The following describes an additional method for reducing the effects of DoS attacks. As described above, a communication appliance (i.e., terminal or end-point) performs specific specialized tasks carried out by a small set of protocols. The message exchanges between the appliance and media gateways and servers and the end-points themselves often involve “request-reply” type of messages, which are characterized by one-to-one pairing. A specific class of DoS attack involves sending gratuitous replies when no request has been issued. In many cases, the behavior of the communication appliance upon such a reply is unspecified and is implementation dependent. A classic exploit against VoIP systems is the sending of “gratuitous address resolution protocol (ARP) replies”, where the Media Access Control (MAC) address for any IP address is changed to the one of the attacker. Upon receiving the “ARP reply”, the communication appliance updates its ARP tables resulting in call-hijacking or the phone not being able to communicate with the media-server.

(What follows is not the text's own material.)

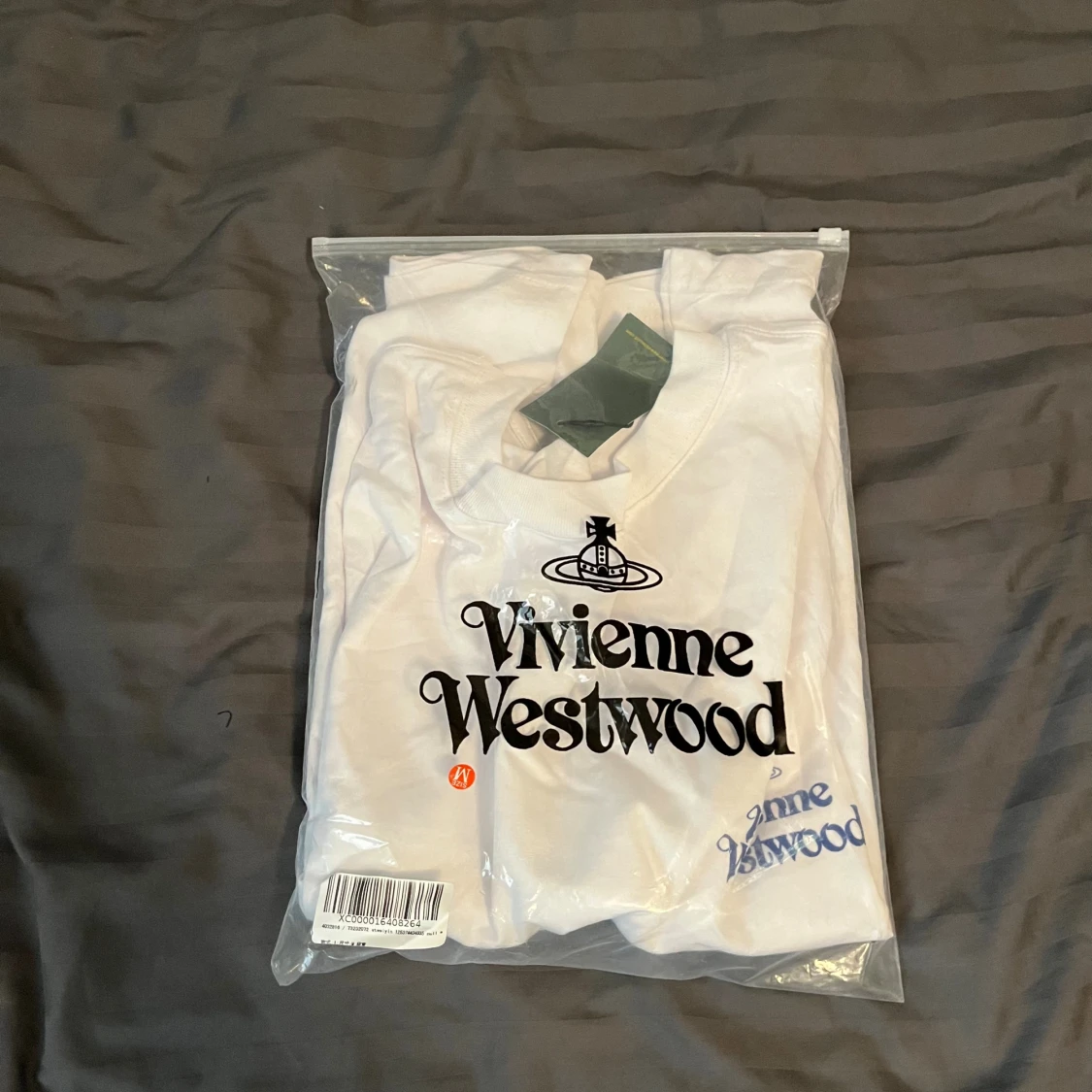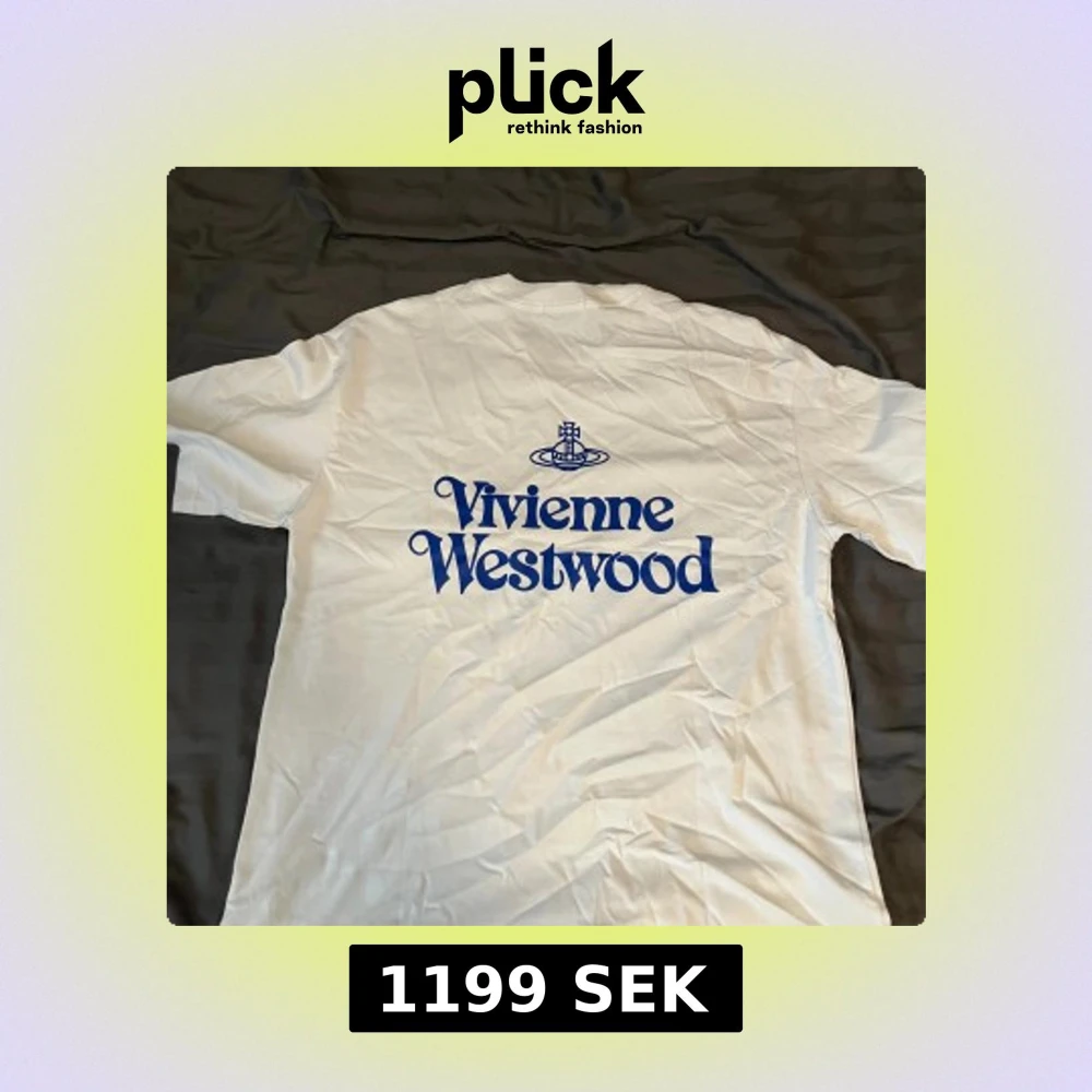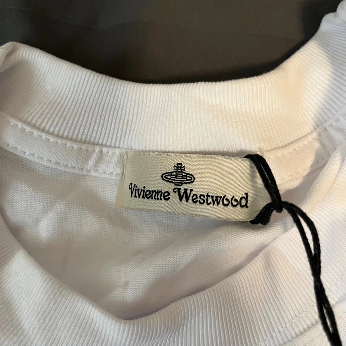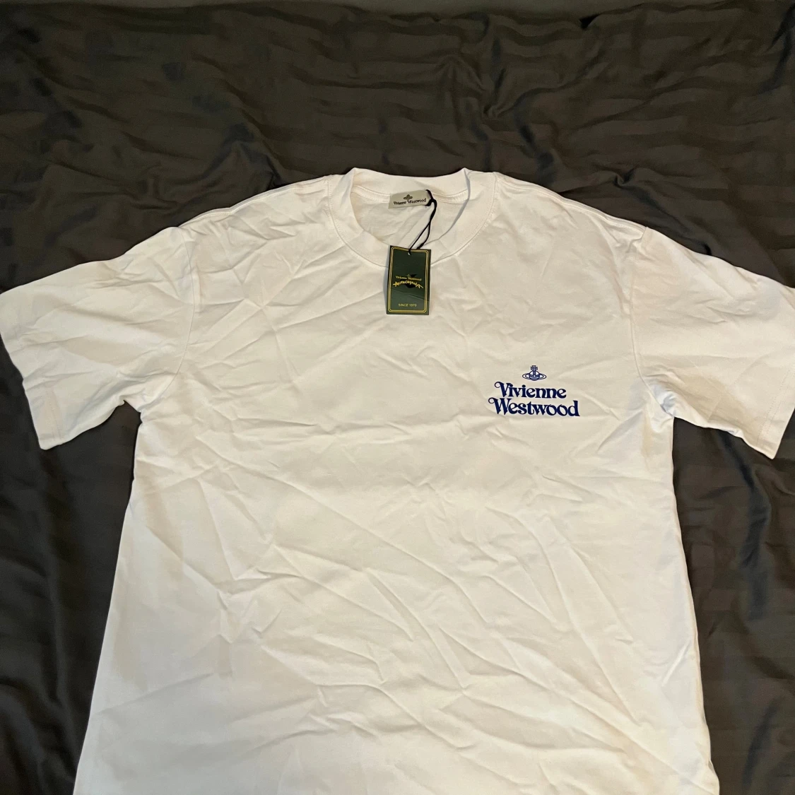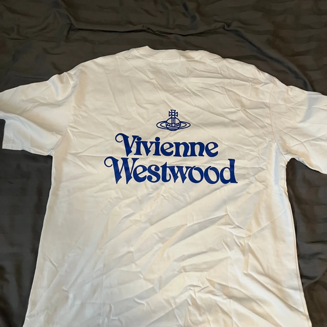 Vit t-shirt från Vivienne Westwood med blå logga och text både fram och bak. Klassisk rund halsringning och korta ärmar. Storleken är M i en boxig modell. Kan gå lägre vid snabb affär.
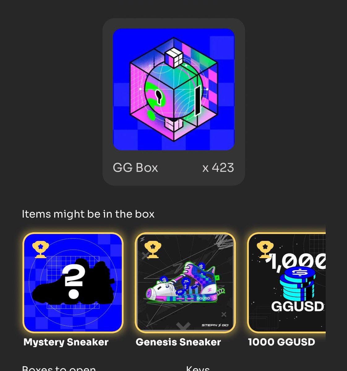 今週のGGBOX🎁 ありがたい事に今週も1000 GGUSD が出てくれました🤩 コモンスニーカーがどんどん増えていく😂 #GGBOX #FSL #STEPN pic.x.com/nIMCVKaXux

The present invention implements a message pairing rule, in which, the communication appliance effectively ignores any gratuitous replies for which it did not issue a corresponding request. Other examples request-reply messages include DHCP request-reply, and gatekeeper request-gatekeeper confirmation (GRQ-GCF) in the H.323 suite. According to this embodiment, the firewall of the communication appliance stores a list of requests which are unanswered. This list may be stored as part of the packet classification rule base. Upon receiving a packet containing a reply, the communication appliance determines whether the reply corresponds to any of the unanswered requests. If the reply corresponds to one of the unanswered requests, the reply is forwarded to the communication appliance. Otherwise, the reply is discarded.
Thus, while there have shown and described and pointed out fundamental novel features of the invention as applied to a preferred embodiment thereof, it will be understood that various omissions and substitutions and changes in the form and details of the devices illustrated, and in their operation, may be made by those skilled in the art without departing from the spirit of the invention. For example, it is expressly intended that all combinations of those elements and/or method steps which perform substantially the same function in substantially the same way to achieve the same results are within the scope of the invention. Moreover, it should be recognized that structures and/or elements and/or method steps shown and/or described in connection with any disclosed form or embodiment of the invention may be incorporated in any other disclosed or described or suggested form or embodiment as a general matter of design choice. It is the intention, therefore, to be limited only as indicated by the scope of the claims appended hereto.